Top of Data for review

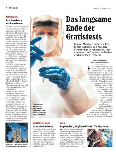 In zwei Monaten endet die kostenlose Abgabe von Antigen-Schnelltests in Apotheken. Teststationen dürften aber weiterhin gratis bleiben – vorerst.
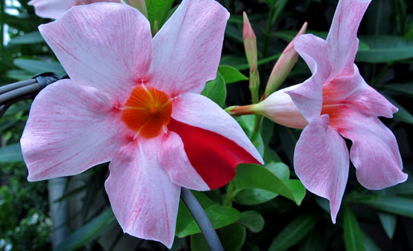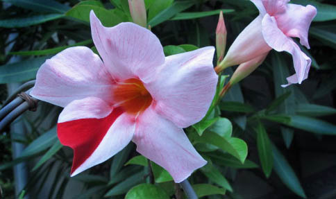 019 高橋さんの作品 回転する花 : キョウチクトウ科のマンデビラ 回転しているように見える花は他にもありますが、実際に回転する花は、極めて希なこと。 もちろん くるくると廻るわけではなく、一日に 45〜50度 回転します。 6月6日 17時30分 ↓↓ 6月8日 10時19分
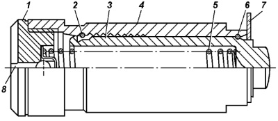 Гидроопора: 1 – корпус; 2 – пружина; 3 – обратный клапан; 4 – поршень; 5 – отверстие для подвода масла; 6 –стопорное кольцо; 7 – плунжер; 8 – полость между корпусом и поршнем
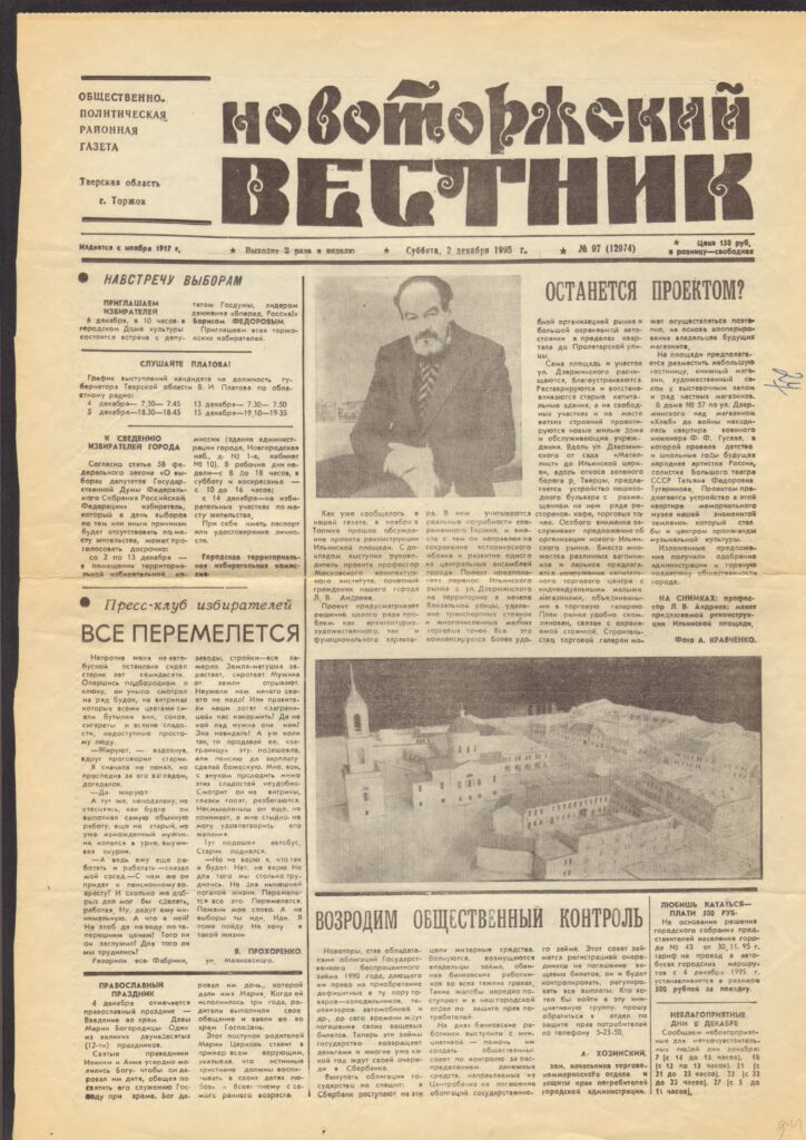 Статья «Останется проектом?» из газеты «Новоторжский вестник» №97 (12974) от 2 декабря 1995 г.
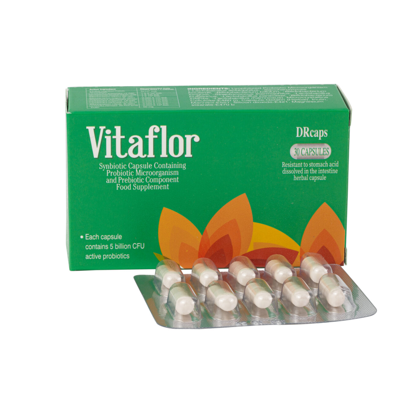 Men vi sinh Vitaflor bổ sung probiotics và prebiotics được bào chế trong viên nang giải phóng chậm (Dr caps) giúp lợi khuẩn dễ dàng vượt qua môi trường acid dạ dày, dịch mật xuống ruột và phát huy tác dụng, cân bằng hệ vi khuẩn đường ruột.
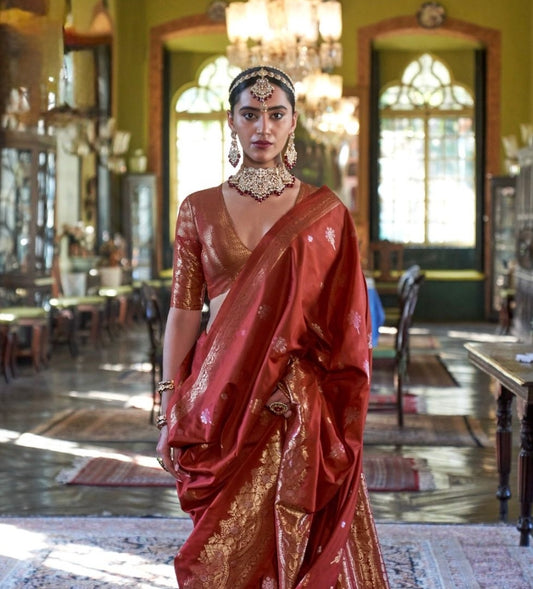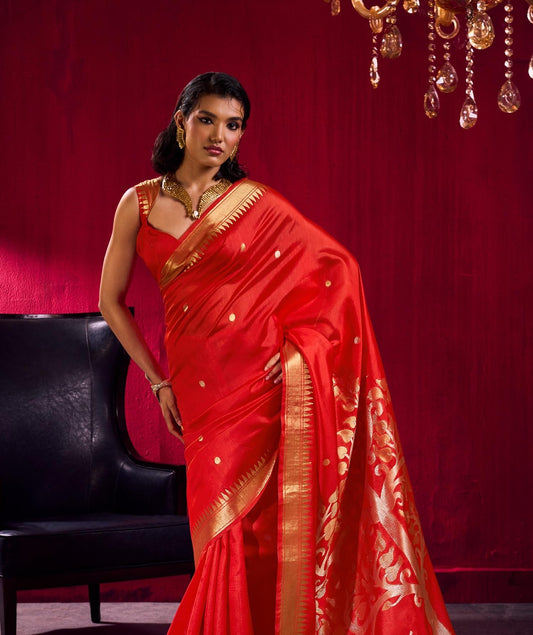 Red Kataan Silk Readymade/Easy Saree
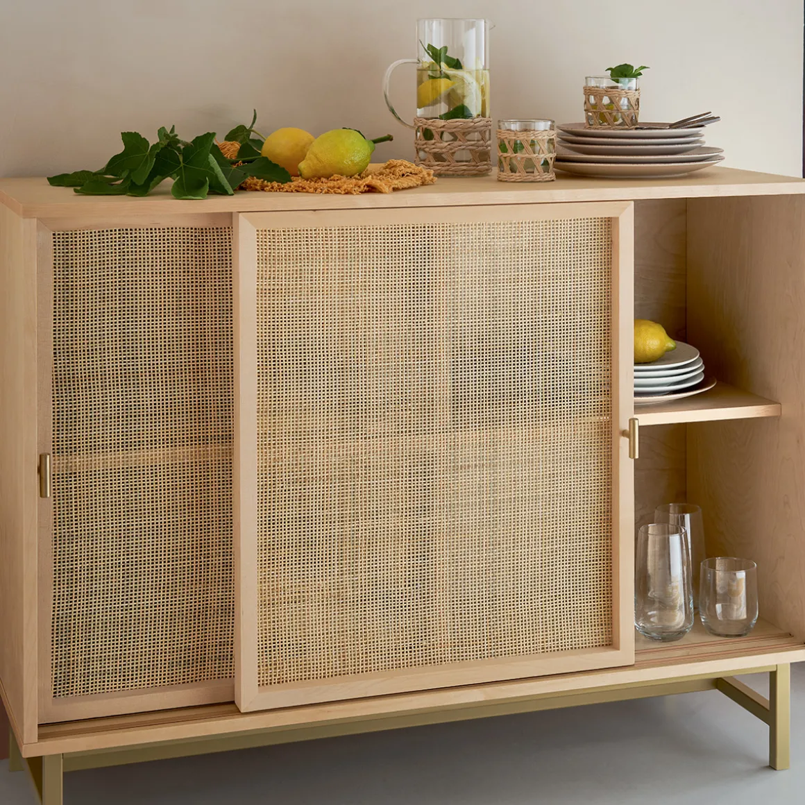 Si vous aimez le rendu du cannage, ajoutez d’autres accessoires du même style: luminaire, miroir ou table basse, vous avez l’embarras du choix.
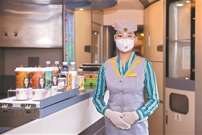 “我們上崗會隨身攜帶一個設備包和一個乘務箱,包里裝著工作用具,箱子里則是個人用品?!表n笑給記者介紹,“設備包里有健康證、工作證、對講機耳機線、零錢包等,還有防疫三件套:口罩、手套、護目鏡?!?/p>
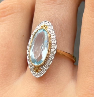 This really is the most perfect ring. It features an oval cut blue topaz in the centre haloed by diamonds and set in buttery 9ct gold.
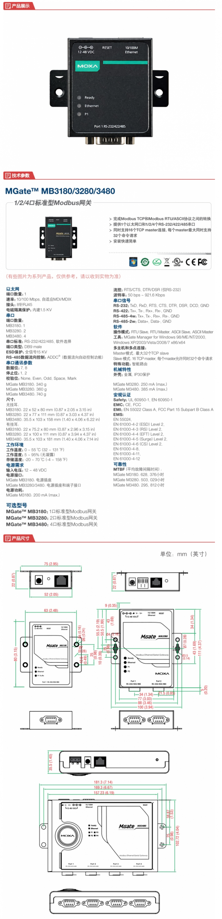 摩莎 MOXA IT解決方案商 MGate MB3180網(wǎng)關(guān) 1口標(biāo)準(zhǔn)Modbus
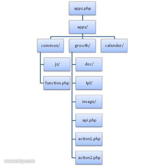 - 以apps.php作为入口文件,所有应用都使用类似apps.php?do=growth&ac=list这样的URL访问应用程序。 其中do为应用名称,ac为动作(执行的脚本名)。例如上面的例子,实际是以apps.php为入口,再加载apps/growth/list.php。
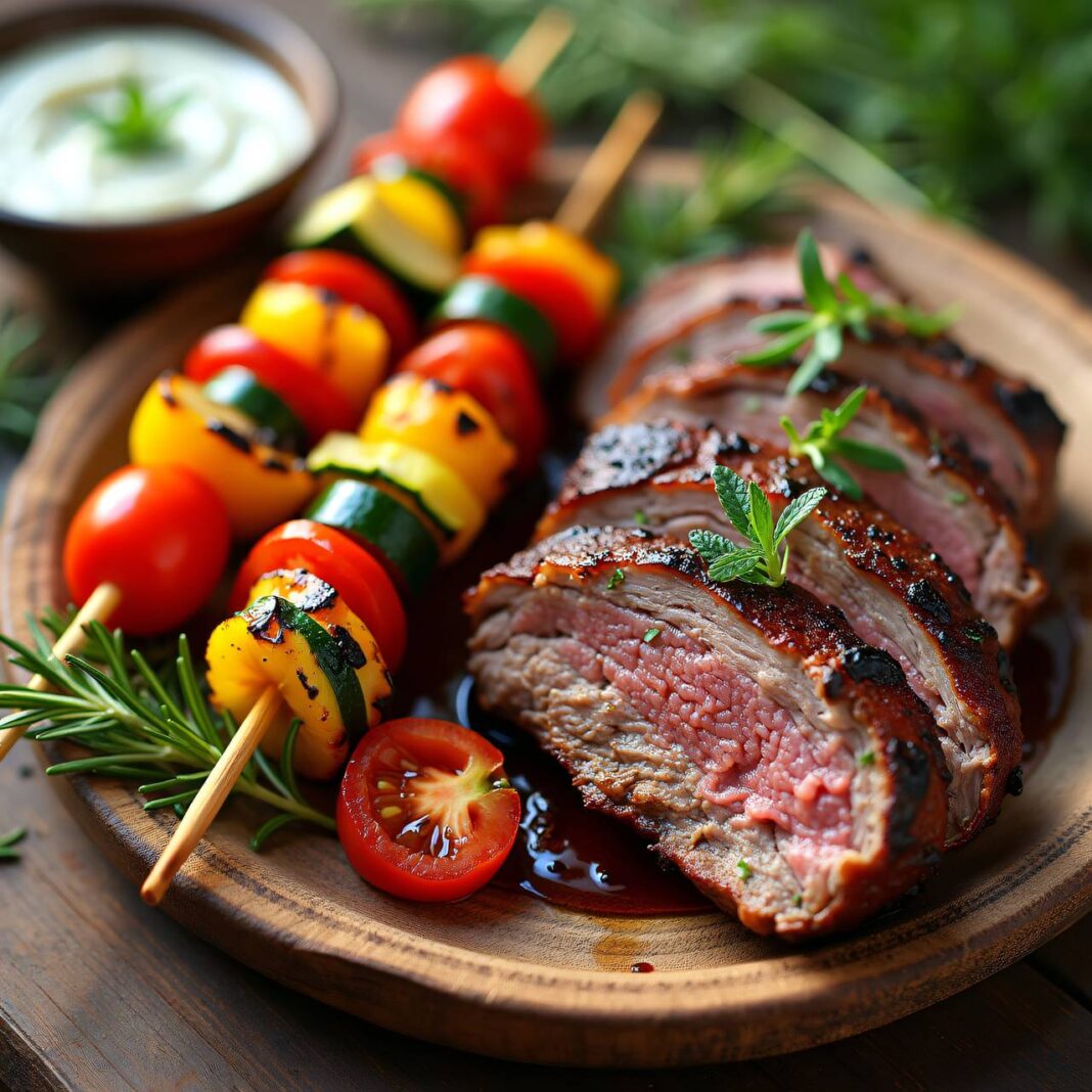 Leckeres Lammfleisch mariniert mit Knoblauch und Kräutern, serviert mit gegrilltem Gemüse und Tzatziki.

Bottom of Data for review

Activity:
Without the pictures, retype all of the data above exactly.

Response to this exercise:
 In zwei Monaten endet die kostenlose Abgabe von Antigen-Schnelltests in Apotheken. Teststationen dürften aber weiterhin gratis bleiben – vorerst.
 019 高橋さんの作品 回転する花 : キョウチクトウ科のマンデビラ 回転しているように見える花は他にもありますが、実際に回転する花は、極めて希なこと。 もちろん くるくると廻るわけではなく、一日に 45〜50度 回転します。 6月6日 17時30分 ↓↓ 6月8日 10時19分
 Гидроопора: 1 – корпус; 2 – пружина; 3 – обратный клапан; 4 – поршень; 5 – отверстие для подвода масла; 6 –стопорное кольцо; 7 – плунжер; 8 – полость между корпусом и поршнем
 Статья «Останется проектом?» из газеты «Новоторжский вестник» №97 (12974) от 2 декабря 1995 г.
 Men vi sinh Vitaflor bổ sung probiotics và prebiotics được bào chế trong viên nang giải phóng chậm (Dr caps) giúp lợi khuẩn dễ dàng vượt qua môi trường acid dạ dày, dịch mật xuống ruột và phát huy tác dụng, cân bằng hệ vi khuẩn đường ruột.
 Red Kataan Silk Readymade/Easy Saree
 Si vous aimez le rendu du cannage, ajoutez d’autres accessoires du même style: luminaire, miroir ou table basse, vous avez l’embarras du choix.
 “我們上崗會隨身攜帶一個設備包和一個乘務箱,包里裝著工作用具,箱子里則是個人用品?!表n笑給記者介紹,“設備包里有健康證、工作證、對講機耳機線、零錢包等,還有防疫三件套:口罩、手套、護目鏡?!?/p>
 This really is the most perfect ring. It features an oval cut blue topaz in the centre haloed by diamonds and set in buttery 9ct gold.
 摩莎 MOXA IT解決方案商 MGate MB3180網(wǎng)關(guān) 1口標(biāo)準(zhǔn)Modbus
 - 以apps.php作为入口文件,所有应用都使用类似apps.php?do=growth&ac=list这样的URL访问应用程序。 其中do为应用名称,ac为动作(执行的脚本名)。例如上面的例子,实际是以apps.php为入口,再加载apps/growth/list.php。
 Leckeres Lammfleisch mariniert mit Knoblauch und Kräutern, serviert mit gegrilltem Gemüse und Tzatziki.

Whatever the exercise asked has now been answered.